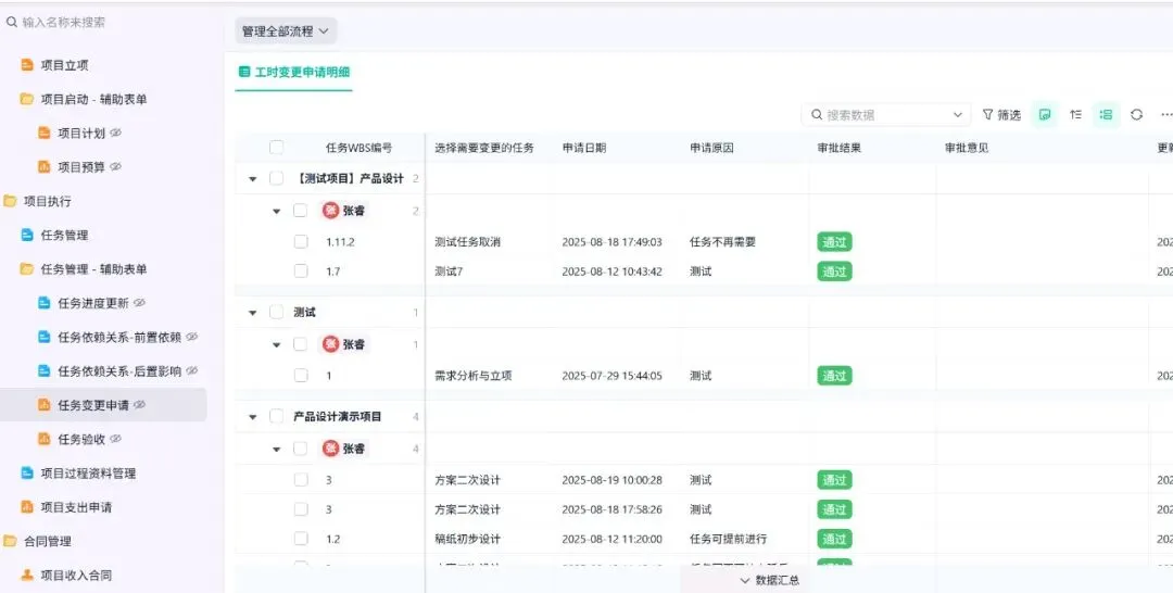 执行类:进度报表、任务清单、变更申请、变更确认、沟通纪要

--

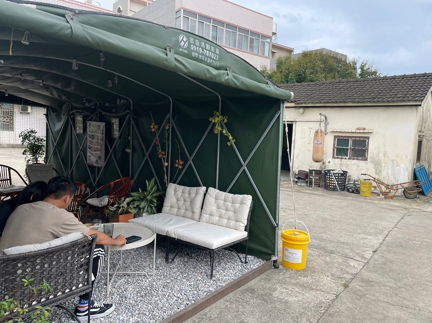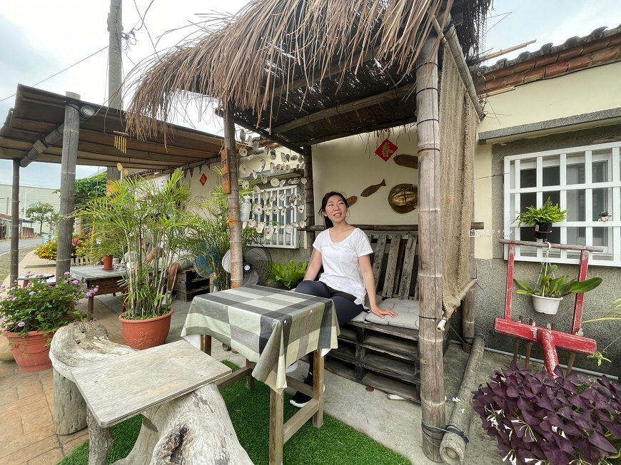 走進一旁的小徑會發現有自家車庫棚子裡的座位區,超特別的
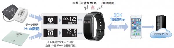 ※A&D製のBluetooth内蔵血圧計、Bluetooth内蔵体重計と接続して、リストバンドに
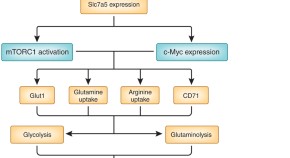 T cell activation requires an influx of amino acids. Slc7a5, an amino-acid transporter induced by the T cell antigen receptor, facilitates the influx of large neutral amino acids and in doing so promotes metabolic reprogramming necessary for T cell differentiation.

### Task to carry out
Within the material above, find the part that opens with the line containing "走進一旁的小徑會發現有自家車庫棚子裡的座位區,超特別的" and closes with the line containing "T cell activation", and reproduce it exactly without the pictures.

### Task response
 走進一旁的小徑會發現有自家車庫棚子裡的座位區,超特別的
 ※A&D製のBluetooth内蔵血圧計、Bluetooth内蔵体重計と接続して、リストバンドに
 T cell activation requires an influx of amino acids. Slc7a5, an amino-acid transporter induced by the T cell antigen receptor, facilitates the influx of large neutral amino acids and in doing so promotes metabolic reprogramming necessary for T cell differentiation.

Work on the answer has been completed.